This is his history, however paraphrased. But the man was much more. As a younger man he had been energetic and sporty. He loved cricket and rugby, and developed a deep affection for American sports such as Football and baseball. His team were the Green Bay Packers, and that is as far as my knowledge of this game goes. Humanised chess he would call it. The multiple sclerosis put the lid on any kind of taking part in such things, pretty much after the mid eighties. He became a dedicated armchair sportsman, and enjoyed the massive tv screen in his last months a good friend gave him.

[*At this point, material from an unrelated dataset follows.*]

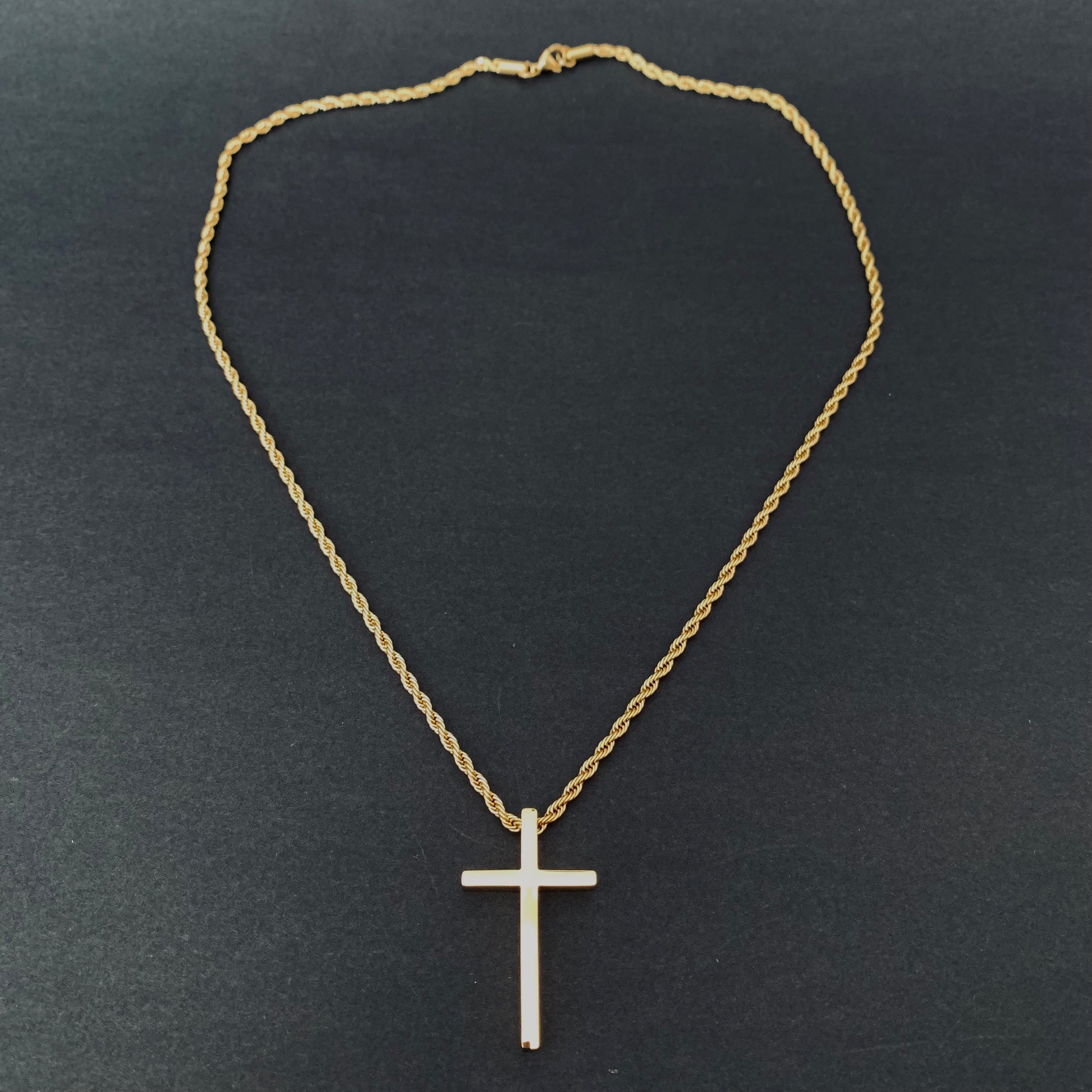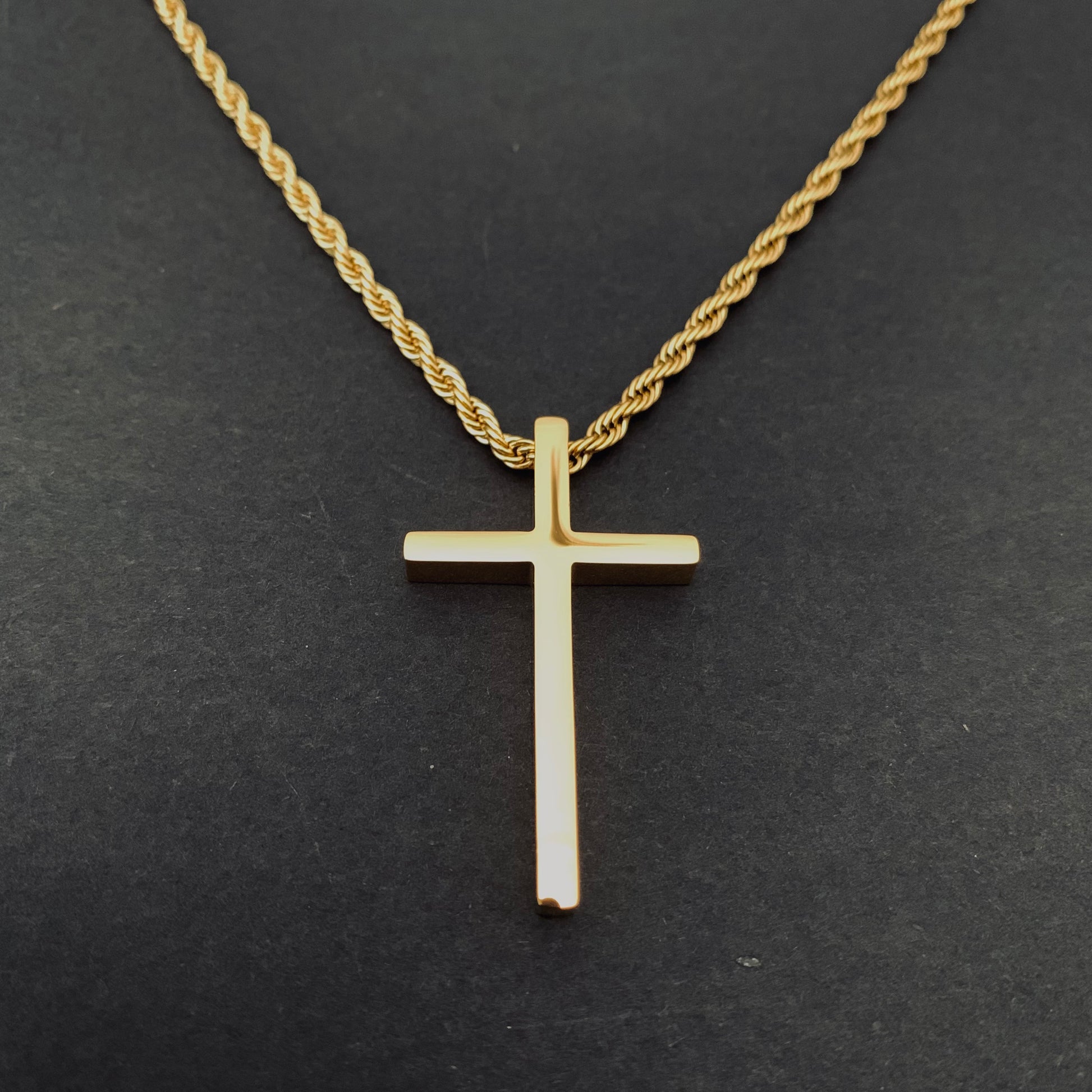 Sleek gold cross pendant crafted from durable 304 stainless steel. This timeless piece combines classic symbolism with modern edge—resistant to tarnish and built to last. Perfect for everyday wear or layering. A versatile statement that works with any style.
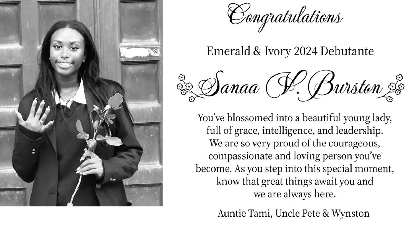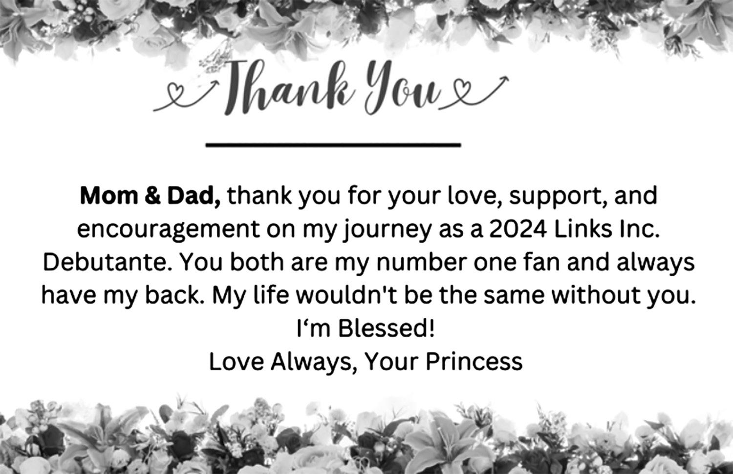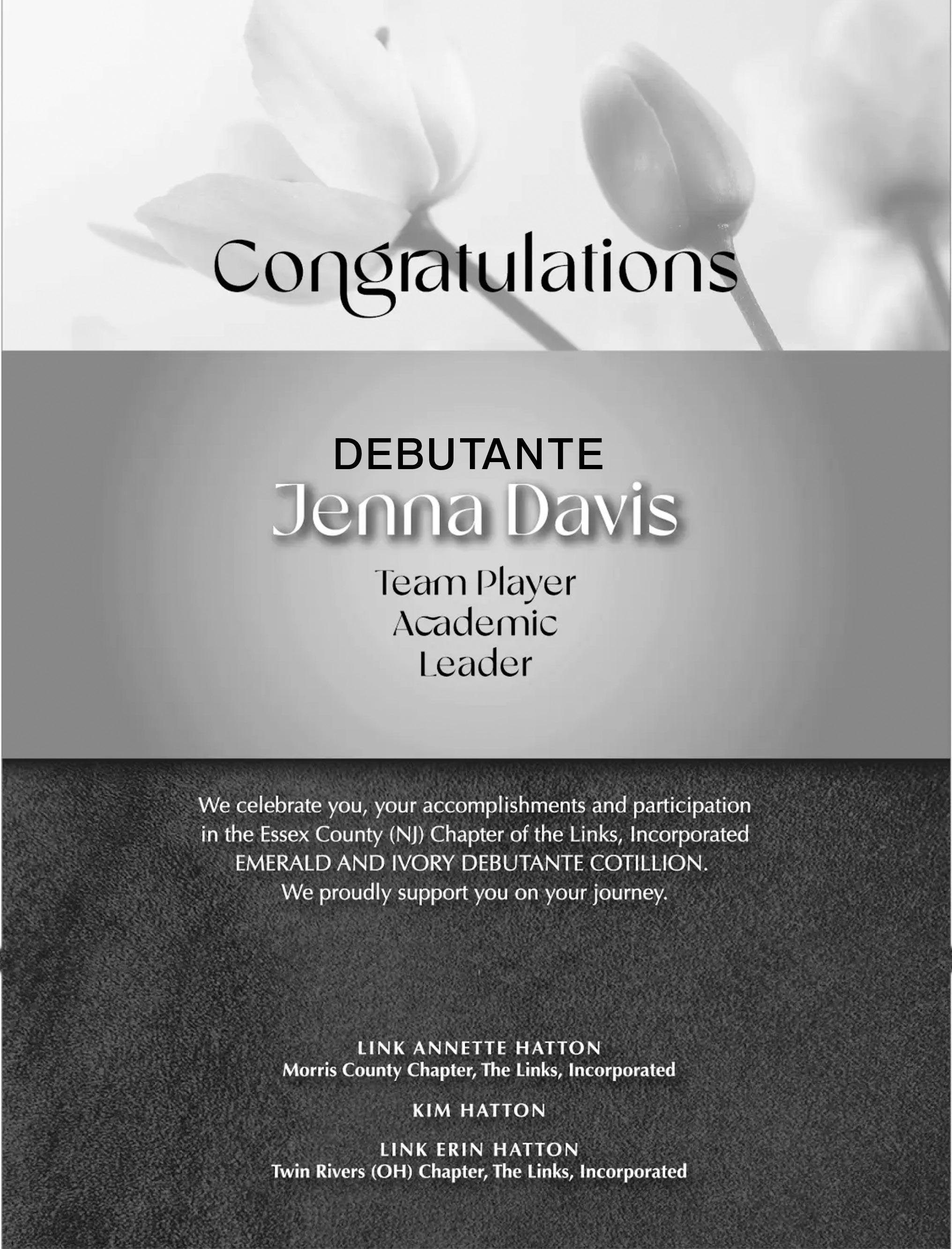 We are proud as you make your grand debut as a debutante at the 2024 Emerald and Ivy Ball for Essex County (NJ) Chapter of The Links, Incorporated.

Dad was a thinker, a reader and a deep sentimentalist. He would deny the latter, but you had only to look at his record collection to see how true this was. When he discovered CD’s he started collecting all his favourite music all over again, and I would wince as his old 78’s were confined to history. The music was important to him, not how he heard it, and CD’s sounded so much better than scratchy old shellac. Jazz was his love, particularly artists like Mugsy Spanier, and old traditional jazz. He also enjoyed sixties music, and movie soundtracks. How I will ever listen to the Gettysburg theme, or Morningtown Ride by The Seekers again is a sentimental bridge I will struggle to cross.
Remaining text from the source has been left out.